Oleh karena itu, Mochtar Kusumaatmadja
mengemukakan tujuan pokok hukum bila direduksi pada satu hal saja adalah
ketertiban yang dijadikan syarat pokok bagi adanya masyarakat yang
teratur. Tujuan lain hukum adalah tercapainya keadilan yang berbeda-beda
isi dan ukurannya, menurut masyarakat dan jamannya. Selanjutnya untuk
mencapai ketertiban diusahakan adanya kepastian hukum dalam pergaulan
manusia di masyarakat, karena tidak mungkin manusia dapat mengembangkan
bakat dan kemampuan yang diberikan Tuhan kepadanya secara optimal tanpa
adanya kepastian hukum dan ketertiban. Fungsi hukum dalam masyarakat
Indonesia yang sedang membangun tidak cukup untuk menjamin kepastian dan
ketertiban.
Agak berbeda dengan teori pembaharuan hukum yang dikemukakan oleh Romli Artasasmita, dalam bukunya yang berjudul “Teori Hukum Integratif” bahwa pada dasarnya fungsi hukum sebagai “sarana pembaharuan masyarakat” (law as a tool of social engeneering) relatif masih sesuai dengan pembangunan hukum nasional saat ini, namun perlu juga dilengkapi dengan pemberdayaan birokrasi (beureucratic engineering)
yang mengedepankan konsep panutan atau kepemimpinan, sehingga fungsi
hukum sebagai sarana pembaharuan dapat menciptakan harmonisasi antara
elemen birokrasi dan masyarakat dalam satu wadah yang disebut “beureucratic and social engineering” (BSE).
Terlepas dari itu semua, teori
pembaharuan hukum agar dapat menciptakan hukum yang sesuai dengan
nilai-nilai yang berkembang di masyarakat, sebagai hukum integratif.

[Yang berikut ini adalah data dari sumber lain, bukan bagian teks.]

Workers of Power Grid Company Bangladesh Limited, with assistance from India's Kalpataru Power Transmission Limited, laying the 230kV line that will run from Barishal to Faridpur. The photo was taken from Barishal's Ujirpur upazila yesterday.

Maka tidak bisa menafikan hukum hanya bergerak dalam pendulum norma
positivistik saja. Demikianpula sebaliknya peranan realisme hukum, yang
memberi kritik atas kentalnya formalisme dan objektivisme hukum juga
tidak dapat berdiri sendiri. Sebab jika pendekatan ilmu hukum normatif
saja, maka hukum tersebut akan demikian menjadi kaku, sedangkan
pendekatan empirik terhadap hukum sejatinya akan membiarkan “hukum”

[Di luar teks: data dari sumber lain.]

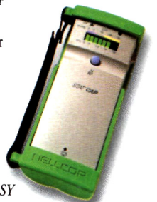
The N-60 STAT CAP Airway CO 2 Indicator

Ideal for ambulances, crash carts and emergency departments, the EASY CAP® disposable, colorimetric detector gives you fast and easy ET/CO 2 assessment for up to two hours.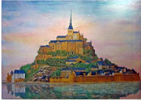
Mt. St. Michel Memories

e-mail address: shortattn@comcast.net online classes - www.AcademyofQuilting.com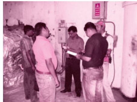
ISB Assining SMEs on SITE

bergerak di ruang bebas tanpa ada kekuatannya sebagai hukum yang dapat
menjadi landasan (kepastian hukum). Di sinilah pentingnya keterpaduan,
saling berkelindan pendekatan tersebut, sebagaimana yang dianjurkan oleh
Sidharta bahwa antara penstudi hukum eksternal dengan penstudi hukum
internal harus berkombinasi dalam menemukan hukum yang bisa tergolong
progresif, pembangunan hukum, dan hukum integratif.
Sebagai ilustrasi, harus dipahami kalau
semula orang sudah beranggapan hukum sebagai seperangkat aturan itu
telah menempati kesempurnaan, dan memperoleh posisi yang mapan, lalu
datang para penstudi hukum eksternal (teori pengemban hukum teoritis)

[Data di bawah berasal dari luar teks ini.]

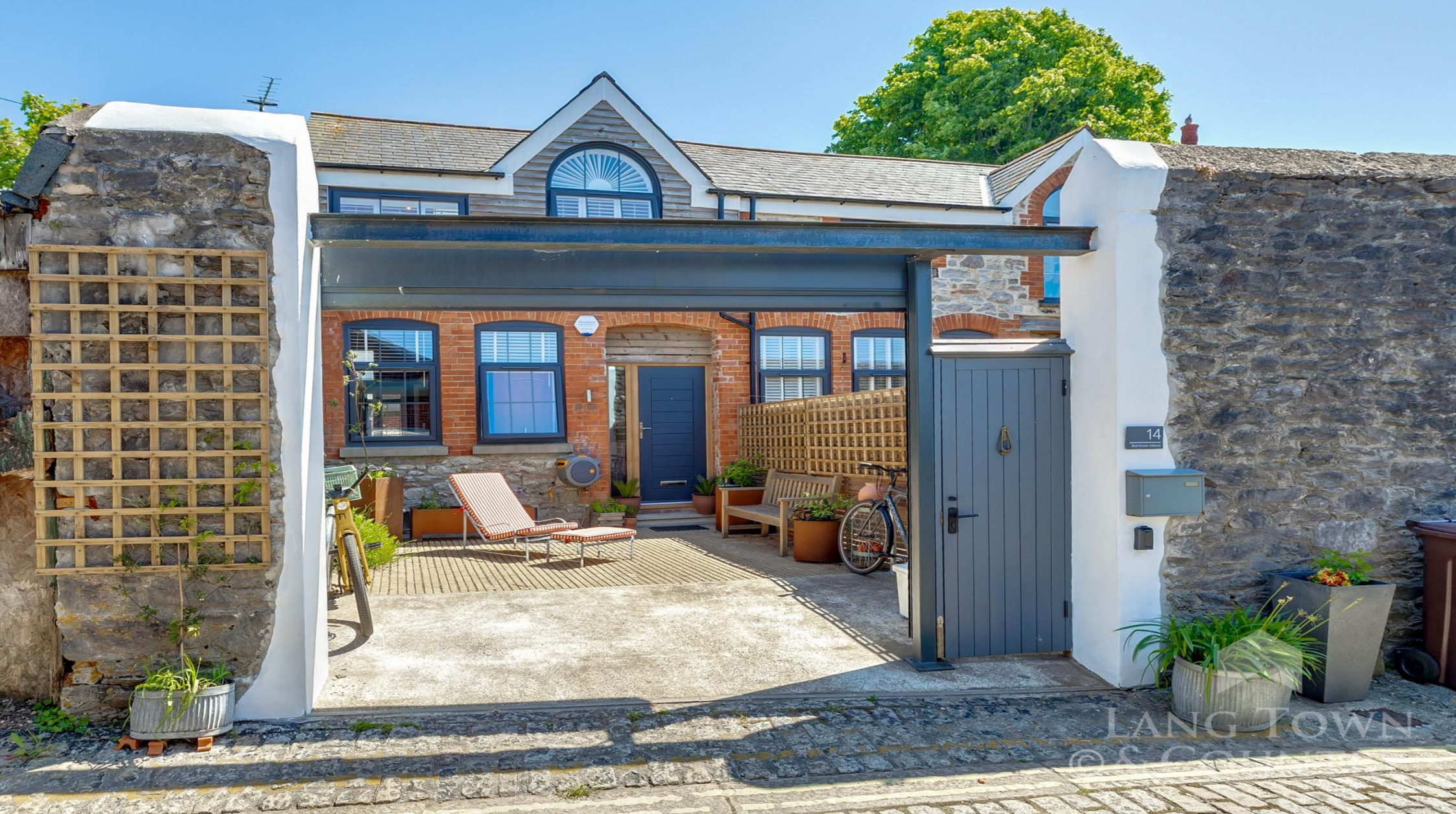
14 Bantham Mews, Mutley, Plymouth, Devon, PL4 6BT

menemukan gejala sosial yang menyebabkan hukum tersebut tidak menjadi
otonom lagi. Pada titik itu, harus kembali dirumuskan hukum yang
sedianya akan menyesuaikan dengan kondisi masyarakat bersangkutan. Jadi
hukum dari segi kepastiannya, sebagai norma yang berlaku imperatif,
mengatur dan memaksa tetap akan kembali seperti sedia kala, setelah
melalui proses elaborasi dari penstudi hukum eksternal.